[Geoserver-users] Geoserver in a clustered production environment

I got a question recently, and I thought it would be nice to share the
response with the list:

What special tricks do you use to run Geoserver at MASSGIS? There are
some things like load balancing, fail over, and log analysis that come
up in production but rarely get discussed on the development lists.

Here's what I wrote back:

We use a couple of tricks, and a lot of things are simply not finished
yet (crises seem to take priority).

1) We use a simple, free TCP-level load balancer called "balance"
http://freshmeat.net/projects/balance/ It's really simple, and does
what we expect. I'm also interested in
http://freshmeat.net/projects/haproxy/ but haven't gotten around to any
testing with it yet.

The load balancer runs on a re-purposed desktop machine (p3-733 with
512MB ram). This machine is probably overpowered for what it's doing.
High TCP/IP load could cause this machine to get swamped, but a couple
of good network cards (with ASICs) would probably mitigate any cpu load
and leave the machine to idle in peace.

2) On each individual load-balanced geoserver box we run squid on port
80, http-accelerating geoserver on port 8080. This leads to all kinds
of proxy issues inside of geoserver, and I'm often the developer who
spends time fixing PROXY_URL based geoserver issues. But it works
pretty well these days, and hasn't given us trouble in a while.

3) Our geoserver data_dir is stored on a shared samba share that each
geoserver machine mounts and reads its config from. Actually, we cheat
and use the load-balancer as the samba server, but that's just an
implementation artifact...nothing structural there.

4) Failover: Occasionally a JVM will crash (usually due to geoserver's
use of JAI's native components to do rendering of rasters...I'm using a
rather bleeding-edge copy of the JAI libs from dev.java.net and the libs
are a bit flakey). This is bad, as squid isn't smart enough to close
its port 80 when port 8080 closes up and we get these bad "hangs" where
balance is still sending requests to squid which is then failing them.
To rectify this I wrote a little polling script which keeps an eye on
the running java process and on the response time of tomcat (is tomcat
taking more than 5 seconds to respond to a directory-index request?) and
if anything's outside of normal it shuts down squid.

Squid shutting down means port 80 closes and then balance won't send any
more requests to that node...effectively failing that node and having
the other two boxes pick up the load. When java comes back (either the
load works itself out or we manually restart java after the crash) then
the script re-starts squid when tomcat is behaving normally again.

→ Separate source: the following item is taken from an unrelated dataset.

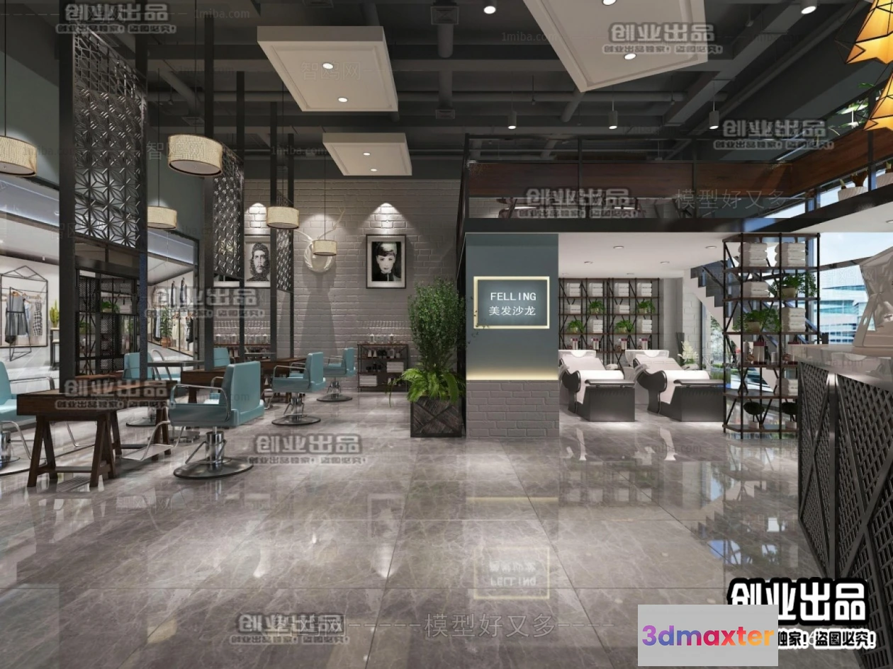 3D Models / 3D Scenes / Interior / Commercial Spaces / HAIR SALON – 3D SCENES – VRAY RENDER – 002

5) Log analysis: We don't do as good a job of this as we should.
Geoserver 1.6.x doesn't have access-logging in it, but geoserver-trunk
(1.7.x) has it now. My hope is to get a geoserver_access_log logger
that's apache commonlog compatible and separate from the usual logging
stream. Once that's up we'll just aggregate (perl? bash with xargs?
manual?) the logs on the three machines and run awstats or something on
it.

6) We played a lot with the tomcat thread/request pooling mechanisms.
This resulted in many less resources being consumed, and failures
manifesting themselves more quickly. Its all stuff covered in the
tomcat server.xml documentation.

7) Current issues:

a. If you use a tiled map then roughly one of every three tile requests
goes to each server. But the SAME requests don't go to each server
(gah!) so the caching is sub-optimally balanced out. Supposedly you can
configure squid to ask peer caches if the content is cached elsewhere,
but I've not had much luck configuring this (probably because I'm
dense!) It might be much smarter to run one BIG squid cache in front of
the entire cluster.

b. log analysis is currently sub-optimally tracked. We really need to
get on fixing this.

c. failures could be better scripted to fix themselves. A java crash
could be easily fixed by having the script restart java if it's off.
I'm wary of "feedback loops" or self-DOSing due to a structural/hardware
failure causing this to spin out of control. But it would sure save us
the effort/annoyance of having to restart stuff at weird times.

--saul

Saul Farber ha scritto:

I got a question recently, and I thought it would be nice to share the
response with the list:

What special tricks do you use to run Geoserver at MASSGIS? There are
some things like load balancing, fail over, and log analysis that come
up in production but rarely get discussed on the development lists.

Here's what I wrote back:

We use a couple of tricks, and a lot of things are simply not finished
yet (crises seem to take priority).

Hey, lots of interesting stuff in this mail, thanks for sharing.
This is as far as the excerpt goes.